Amazon seems to have a lot of different questions. What happens to that $65bn ad business - does AI unlock more advertisers and better targeting, or do purchasing agents bypass the ads? Will there be a step-change in the quality and character of recommendations - can Amazon finally scale a real understanding of what the products are? Can it do merchandising instead of showing you more SKUs? Meanwhile AWS, of course, has the same boring margin, price, and API execution questions as GCP. 

Microsoft is weird. It did the OpenAI deal, enterprise money is flooding in, and most enterprises expect Microsoft to capture a large chunk of their AI migration spending. But it still has no top-tier models of its own, and ‘Copilot’ has become a resented surcharge for a random set of features many people don’t use - indeed, ‘Copilot’ is the new ‘Watson’.  Satya Nadella did a superb job of changing the narrative, but where are the compelling and innovative new products? 

And then, finally, there’s OpenAI, which I suppose counts as big tech now.
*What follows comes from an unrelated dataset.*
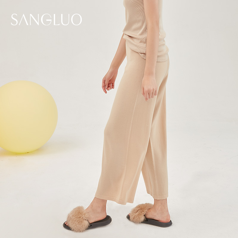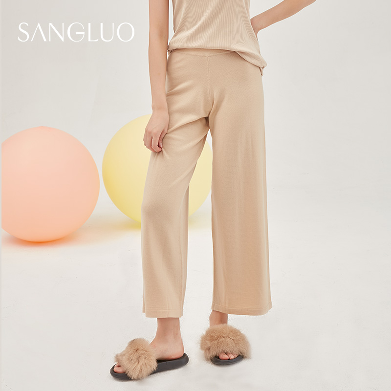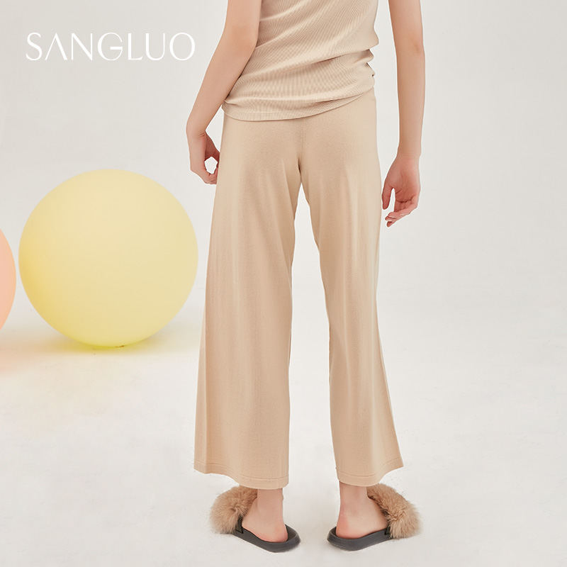 SANGLUO100%纯羊毛保暖家居裤 冬 女士米色宽松可外穿软又暖睡裤

It has all the mindshare and brand recognition, 800m weekly users, and everyone is throwing money at it. But there is no sustainable tech lead, no network effect, no real product advantage, and no real product-market fit. Those 800m users have pretty limited engagement, and they can all leave - the base is a mile wide but an inch thick. And meanwhile, Google and Meta are leveraging their distribution to make this a feature. So, Sam Altman is frantically swapping overpriced paper for hard assets and market position before the music stops.